Exercise: Exactly as they appear below, repeat the lines from the one with "Są malowane bejcą" through the one with "Полученные данные по". Drop every picture.

Provided data:
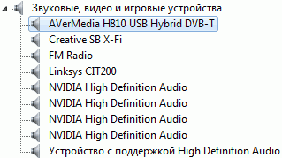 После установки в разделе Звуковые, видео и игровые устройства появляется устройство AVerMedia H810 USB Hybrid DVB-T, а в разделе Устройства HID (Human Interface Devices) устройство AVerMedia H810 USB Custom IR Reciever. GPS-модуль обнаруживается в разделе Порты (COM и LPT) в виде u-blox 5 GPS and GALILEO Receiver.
--
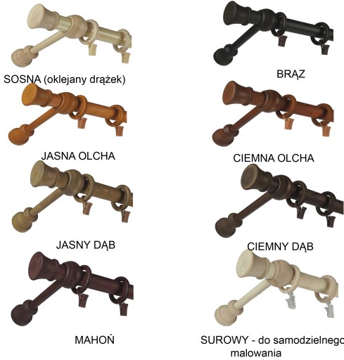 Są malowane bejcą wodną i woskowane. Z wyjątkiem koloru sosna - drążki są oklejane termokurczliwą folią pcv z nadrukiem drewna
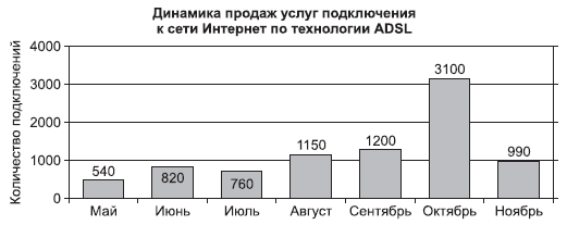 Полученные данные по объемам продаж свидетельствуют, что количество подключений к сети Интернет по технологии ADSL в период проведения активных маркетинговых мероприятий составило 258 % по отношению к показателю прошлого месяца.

Task output:
 Są malowane bejcą wodną i woskowane. Z wyjątkiem koloru sosna - drążki są oklejane termokurczliwą folią pcv z nadrukiem drewna
 Полученные данные по объемам продаж свидетельствуют, что количество подключений к сети Интернет по технологии ADSL в период проведения активных маркетинговых мероприятий составило 258 % по отношению к показателю прошлого месяца.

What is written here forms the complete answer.